▶ Exercise:
From the first line down to the line containing "图⑦:北方城村社火队在村内南堡门进行社火表演。", print the records below exactly, leaving every picture out.

▶ Saved entries:
BEGIN

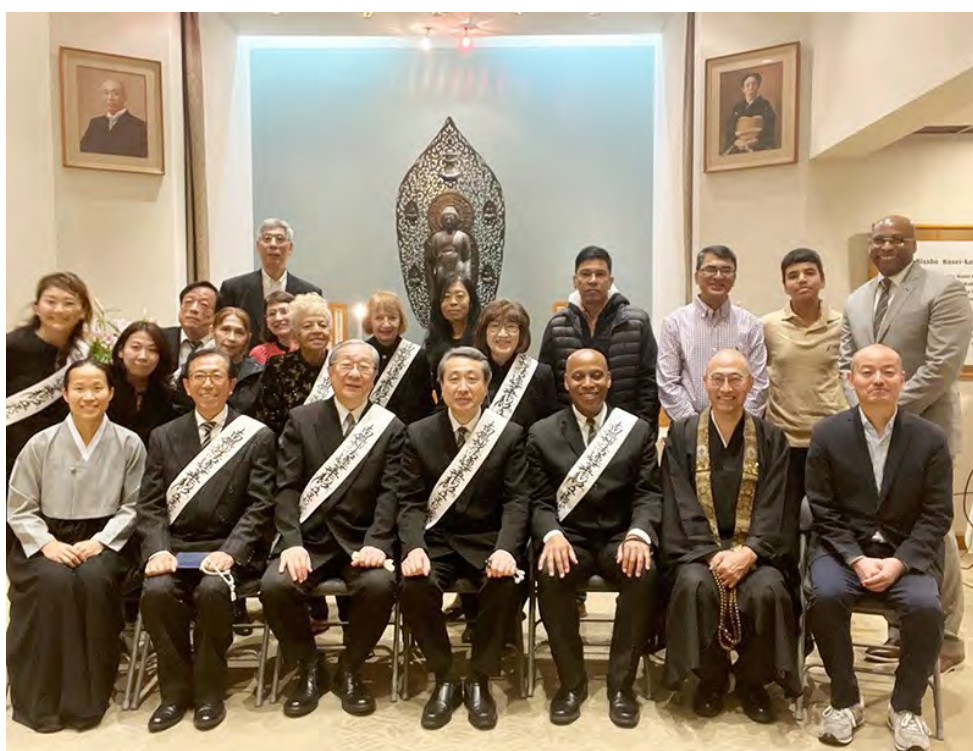
紐約教會長就任式之際和會員一起（前排右邊第3位）

今後今後也將繼續尊重和珍惜向我們傳達佛陀教義的日本人僧伽的存在，他們是教會的歷史根源。並且，正如紐約市長亞當斯所期待的那樣，我們僧伽將繼續共同努力團結一心，將佛法更進一步的推廣到紐約，透過佛教改變紐約的街道，並改變世界。
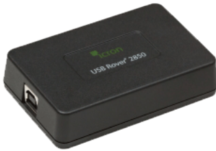
ローカルユニット

Icron Technologies は、USB エクステンダーのリーディングカンパニーです。医療・工業・商業・教育・放送などの分野で多くのご採用実績があります。
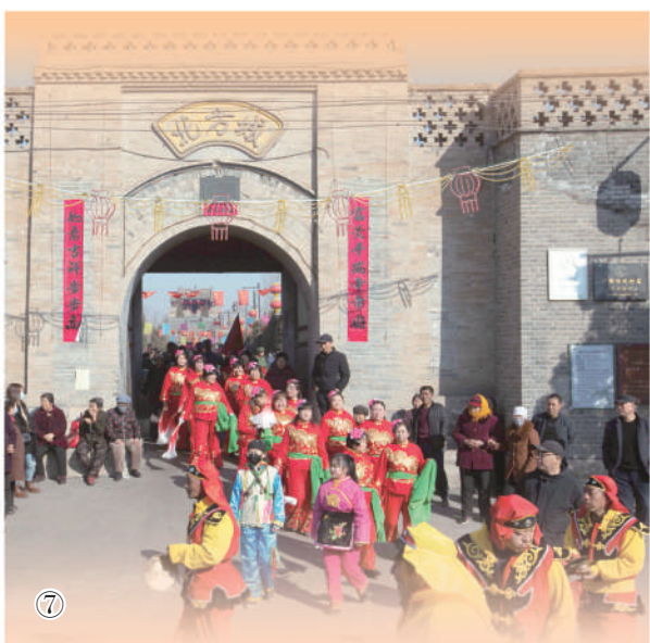
图⑦:北方城村社火队在村内南堡门进行社火表演。

侧是成排分布的古民居。每栋古民居都设有天井,天井既具有采光、通风的功能,又能汇聚屋面的雨水,雨水顺着水视纳入天井之中,名曰“四水到堂”或“四水归明堂”。天井的正下方或侧边设有一尺多深的支暗沟,每条支暗沟均与巷子里的主暗沟相通。由于主暗沟比支暗沟深很多,因而支暗沟的水能够很顺利地注入主暗沟而不会回流。村中有八口水塘,中间面积较大的称为“月塘”,环绕“月塘”的是七口面积略小的水塘,形成“七星伴月”之象。村里各条巷子的主暗沟均与水塘相通,且利用自然落差将雨水自北向南注入相应的水塘之中。而八口水塘也设有暗沟,水漫到相应高度,多余的水则通过暗沟顺着地势流向村前的河流。因而,不论下多大的雨,村中从未出现过积水或水淹现象。(本报记者周欢采访整理)
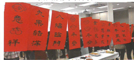
筆觸剛柔得宜的揮春
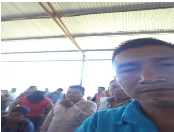
Promoción del plan de PME

Socialización del Plan del Proyecto educativo con el personal docente de la escuela.
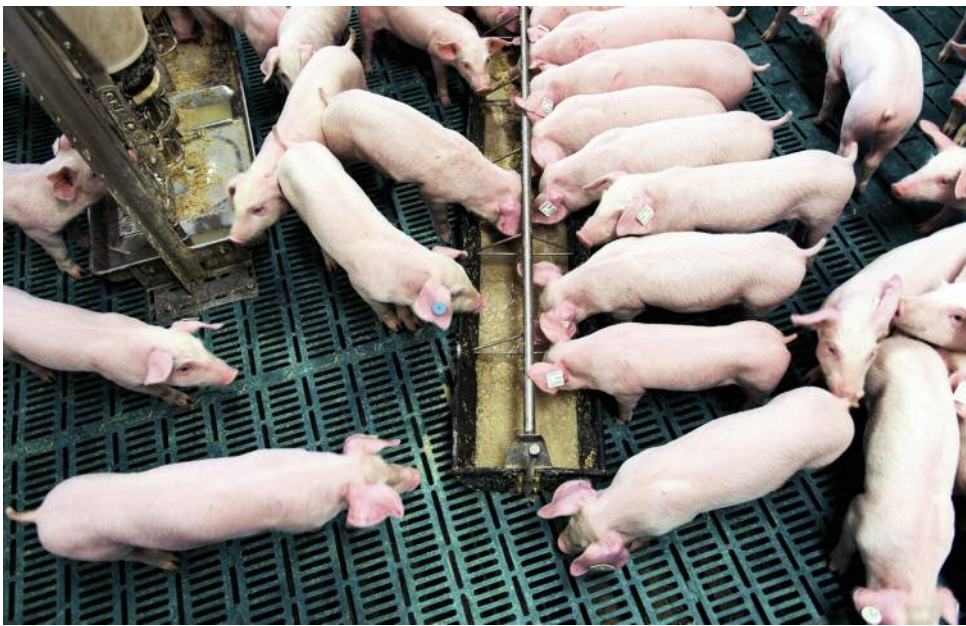
Schweine in konventioneller Mast: „Der Pharmaindustrie in die Hände spielen“

sie weiterhin fehlen. Die Neuzulassungen der letzten Jahre richten sich vor allem gegen den „Krankenhauskeim“ MRSA und Tuberkulosekeime. „Vonseiten der Regierungen müssen dringend finanzielle Anreize für die Pharmaindustrie geschaffen werden, ganz neue Antibiotika-Klassen zu entwickeln“, fordert Lothar Wieler, Präsident des Robert Koch-Instituts (RKI).
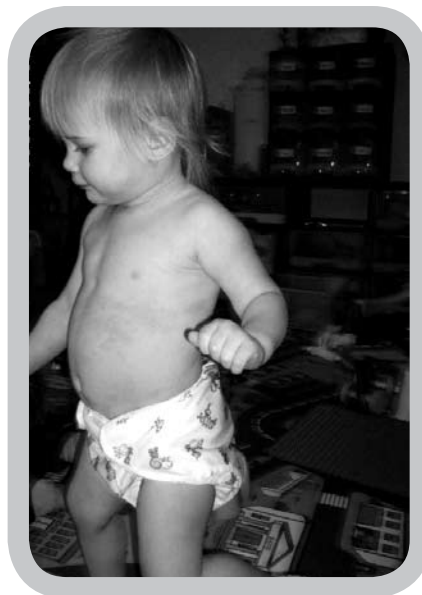
De ouders van mijn opvangkindjes zijn erg tevreden met de keuze voor wasbare luiers, het bespaart hen een hoop tijd en geld.
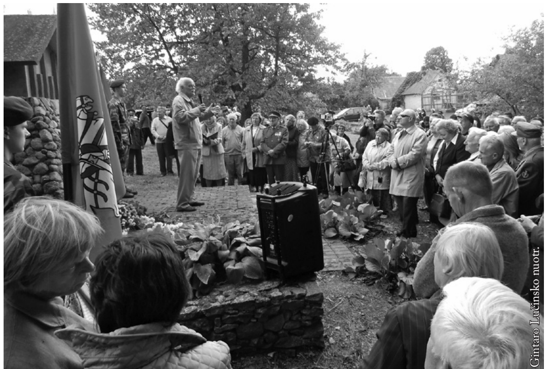
Minėjimas prie paminklo Juozo Vitkaus-Kazimieraičio paskutinės vadavietės vietoje Liepiškių kaime

Su užduotimi surasti ir sunaikinti „A“ apygardos štabą buvo išsiųstos į spėjamą štabo buvimo vietą žvalgybinės paieškos grupės. Manevrinei grupei Nr. 2, vadovaujamai majoro Tuševskio, kaip ir visoms kitoms
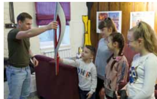
Факел Олимпиады-2014 в Сочи
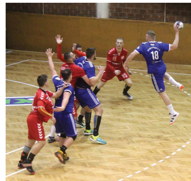
/// Fiataljaink helytálltak az NBI-es Mezőkövesdnél
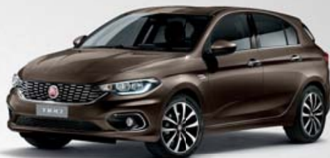
444 BRONZO MAGNETICO MÉTALLISÉ
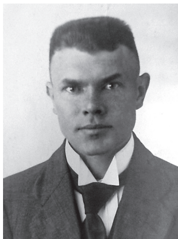
Oskar Kangro 1919. aastal. RA, ERA.1599.1.5

Nagu nähtub Kangro novembri alguses kirjutatud kirjast Asutava Kogu esimehele, saatis ta 120 eksemplari brošüürist tööpoolest Asutava Kogu liikmetele tutvumiseks. 52
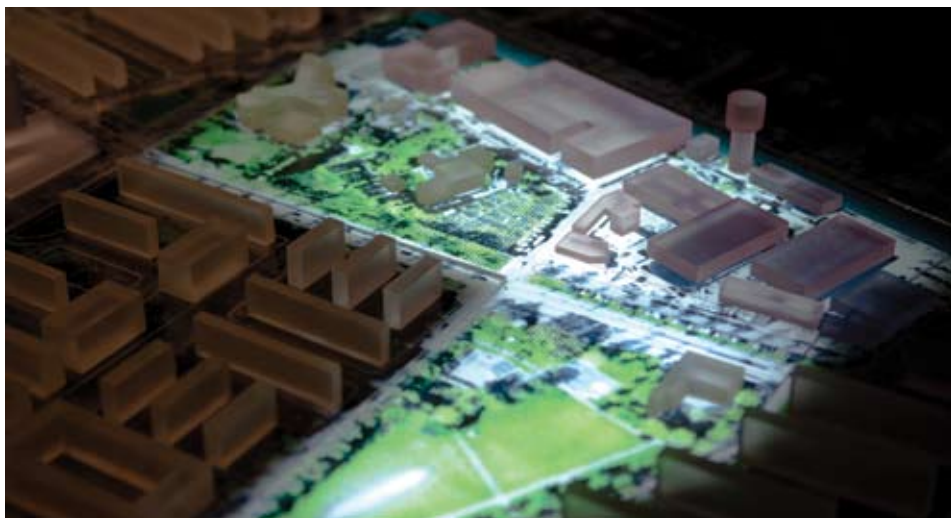
Een onorthodoxe blik op Hoograven.

‘Een Andere Kijk op Hoograven’ heette de tentoonstelling onlangs in de Pastoefabriek. Maatschappelijk verantwoorde stedelijke vormgeving ofwel in jargon: Social Urban Design vierde een maand hoogtij op deze expo. Dat zag er soms heftig uit..
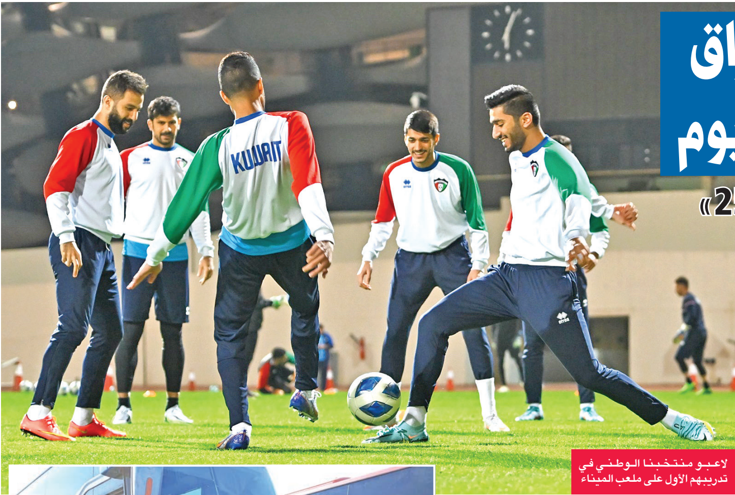
لاعبو منتخبنا الوطني في تدريبهم الأول على ملعب الميناء
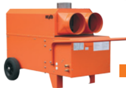
K 30/K 30 T

Wirkungsgrad bis 93 % – Brennstoffersparnis bis 10 %!
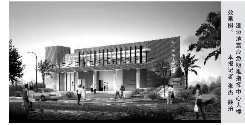
澄迈地震应急避难场所指挥中心效果图。

据“综合规划、平灾结合、因地制宜、一所用多、就近疏散、安全与通达”的地震应急避难场所建设原则，这里将建设成为全省示范性的应急避难场所。 澄迈县金江镇是该县政治、文化、交通、商贸中心，县城总人口7万人，居住较为密集。金江地势北高南低，又处南渡江流域，一旦发生地震、洪水等重大自然灾害，将对该地区造成极大破坏，产生大量需要疏散和避难的群众。选址绿地广场作为澄迈县第一个避难场所，经过了国家地震局、省地震局有关领导和专家的实地考察后确定，并通过了省抗震救灾指挥部办公室组织相关专家评审。
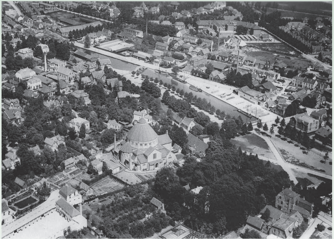
De Blekershoek gezien vanuit de lucht

Zoals gezegd waren het vooral gegoede Amsterdamse burgers die hun was naar Bussum stuurden. Dat ging vaak om 15 tot 25 waszakken tegelijk, want de gezinnen waren groot en de was werd nog niet wekelijks gedaan.
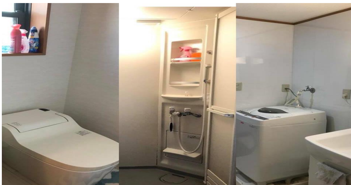
2018/3/1 共用空間 廁所 衛浴 洗臉台 洗衣機
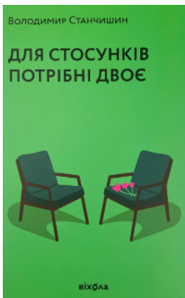
Для стосунків потрібні двоє
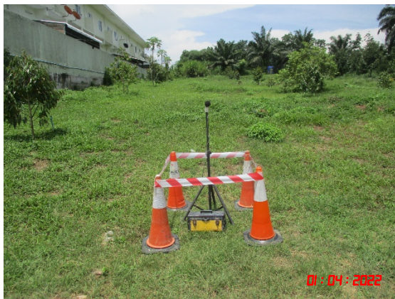
บ้านสระแก้ว (ทิศเหนือ)

END

▶ Result:
紐約教會長就任式之際和會員一起（前排右邊第3位）

今後今後也將繼續尊重和珍惜向我們傳達佛陀教義的日本人僧伽的存在，他們是教會的歷史根源。並且，正如紐約市長亞當斯所期待的那樣，我們僧伽將繼續共同努力團結一心，將佛法更進一步的推廣到紐約，透過佛教改變紐約的街道，並改變世界。
ローカルユニット

Icron Technologies は、USB エクステンダーのリーディングカンパニーです。医療・工業・商業・教育・放送などの分野で多くのご採用実績があります。
图⑦:北方城村社火队在村内南堡门进行社火表演。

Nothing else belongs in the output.